Midsummer magic: a life changing experience in the Botanics

DSCF0006

Susie Brown puts finishing touches to 600 bamboo poles: her sculpture Natural Progression becomes a stage setting for dance in the Botanics on midsummer night.

There’s a serious theme rippling beneath the music but right now enjoy the sheer, mad fun of it all. Listen to robots playing Chinese instruments in the Palm House and watch Tai Chi dancers on the lawn while Bamboo percussionists from Thailand beat out a trail of discovery to the Chinese Hillside. Fay Young reports from behind the scenes…

I have to declare an interest because I am helping to organise the spectacular Dialogues of Wind and Bamboo, now being rehearsed for the midsummer happening in the Royal Botanic Garden Edinburgh. On Saturday evening around 50 artists, musicians and dancers come together from Far East and across Scotland to create a uniquekimho intercultural experience in the Garden. And it is all free.

I sometimes ask director Kimho Ip (that’s him on the right) why he is doing it and he laughs, “I could make my life easier,” he admits. Trained in the classical western tradition this talented young composer musician could earn a good living if he just stuck to Mozart or Bach. But he is gaining a reputation for helping audiences rediscover traditional Chinese music – with a contemporary twist.

Instead of the concert hall, his venues are more likely to be museums, market places and cafes. And now, the Royal Botanic Garden Edinburgh where he mixes experimental pop of the Edinburgh band FOUND with evocative Shanghai Jazz and old Cantonese melodies.

The serious purpose is to help people reconnect with both nature and culture in a fast changing world. “I am not particularly Chinese,” says Kimho who comes from Hong Kong but finished his education in Germany and Edinburgh. “But this culture is part of my DNA and it seems a shame if we lose such precious pieces from the past.”

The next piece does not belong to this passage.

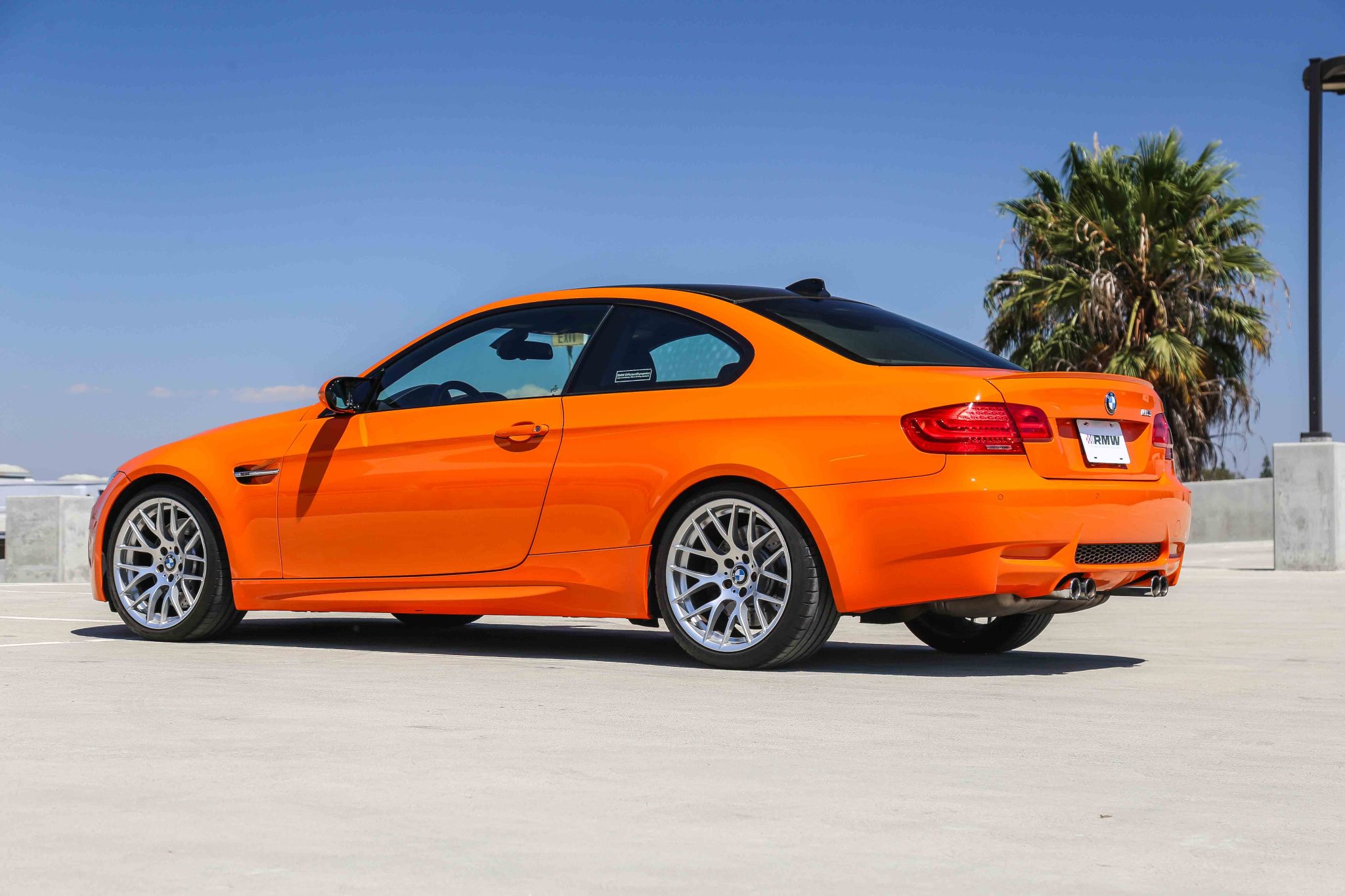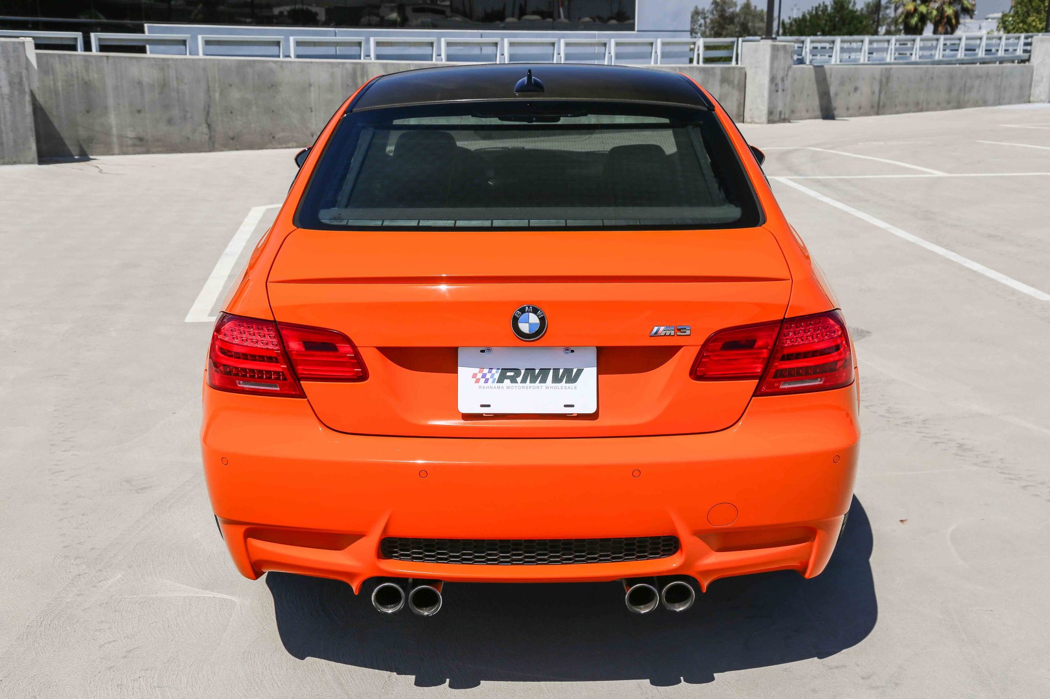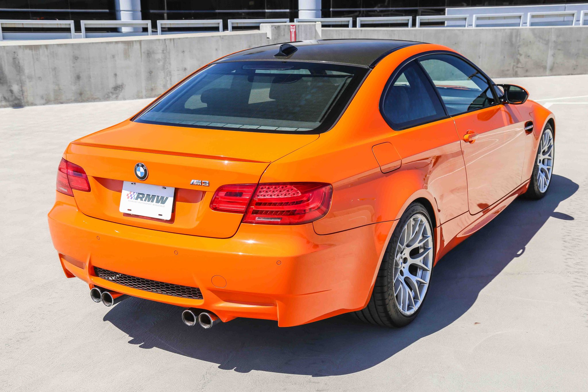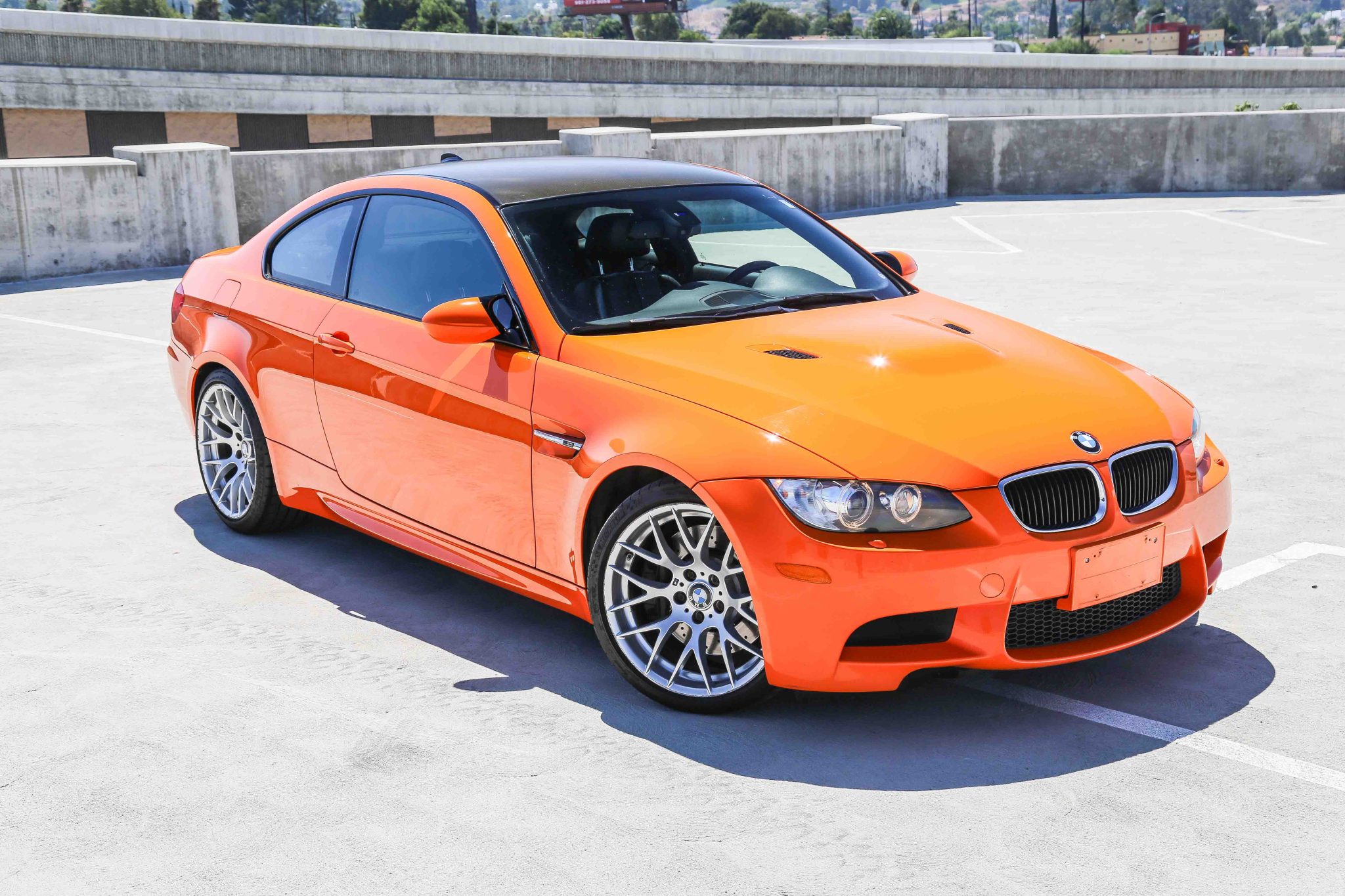 This 2012 BMW M3 coupe has remained registered in California and was optioned from the factory with the Competition, Cold Weather, Premium, and Technology packages as well as a BMW Individual Fire Orange exterior finish. Powered by a 4.0-liter V8 paired with a seven-speed dual-clutch transmission, the car has black Novillo leather upholstery, 19″ Style 359 wheels, a limited-slip differential, adaptive xenon headlights with washers, a carbon-fiber roof panel, rear parking sensors, heated power-adjustable front seats, iDrive with navigation, dual-zone automatic climate control, and cruise control. Acquired by the selling dealer in 2023, this E92 M3 has 105k miles and is now offered at no reserve with a clean Carfax report and a California title. The car is finished in BMW Individual Fire Orange and has Shadowline trim and adaptive xenon headlights with washers as well as rain-sensing wipers, a carbon-fiber roof panel, a trunk lid spoiler, rear parking sensors, and quadruple exhaust outlets. Paint protection film has been applied to the front end and door edges, the front end has paint chips, and the roof panel finish is said to have been touched up. The 19″ Style 359 wheels are mounted with Michelin tires. Competition Package equipment includes a lowered ride height compared to the standard M3 as well as retuned Electronic Damping Control (EDC) and Dynamic Stability Control (DSC). Braking is handled by four-wheel vented and cross-drilled discs measuring 14.2″ and 13.8″ front and rear, respectively. Curb damage is located on the wheels. The heated power-adjustable front sport seats are upholstered in black Novillo leather, and Carbon Structure Leather trim accents the dashboard and doors. Carpeted floor mats line the footwells, and additional appointments include a CD stereo, iDrive with navigation, dual-zone automatic climate control, and cruise control. The front seats are worn, the power rear sunshade does not work, and imperfections are present on the center console, dashboard, and headliner. The multi-function leather-wrapped steering wheel features paddle shifters along with tri-color stitching and frames an M-branded tachometer, a 200-mph speedometer, a central information display, and gauges for oil temperature and fuel level. The digital odometer indicates 105k miles, approximately 1k of which were added under current ownership. The 4.0-liter S65 V8 features double-VANOS variable valve timing and was factory rated at 414 horsepower and 295 lb-ft of torque. The car passed an emissions inspection in November 2021, and an oil change was performed in 2023. Power is sent to the rear wheels through a seven-speed M-DCT dual-clutch transmission and a Variable M Differential Lock. The Carfax report is free of accidents or other reported damage. The California title carries a “Transfer Only” notation.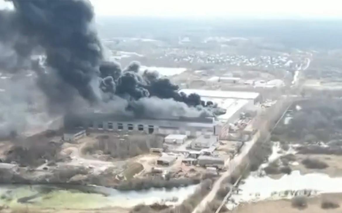 Как выглядит пожар цеха деревообработки в Вологде с дрона. Видео

The Botanics holds the biggest collection of Chinese plants outside China; a resource now being used to reintroduce threatened species to the natural world. In the same way, Kimho’s intercultural performance reconnects with Chinese cultural traditions that are fast disappearing in their original habitat.

Stephen Blackmore, the Regius Keeper of the Royal Botanic Garden Edinburgh, has welcomed Kimho’s production with the infectious enthusiasm of a man who enjoys music (he owns and plays a collection of guitars). For him, music adds a vital element to the Garden.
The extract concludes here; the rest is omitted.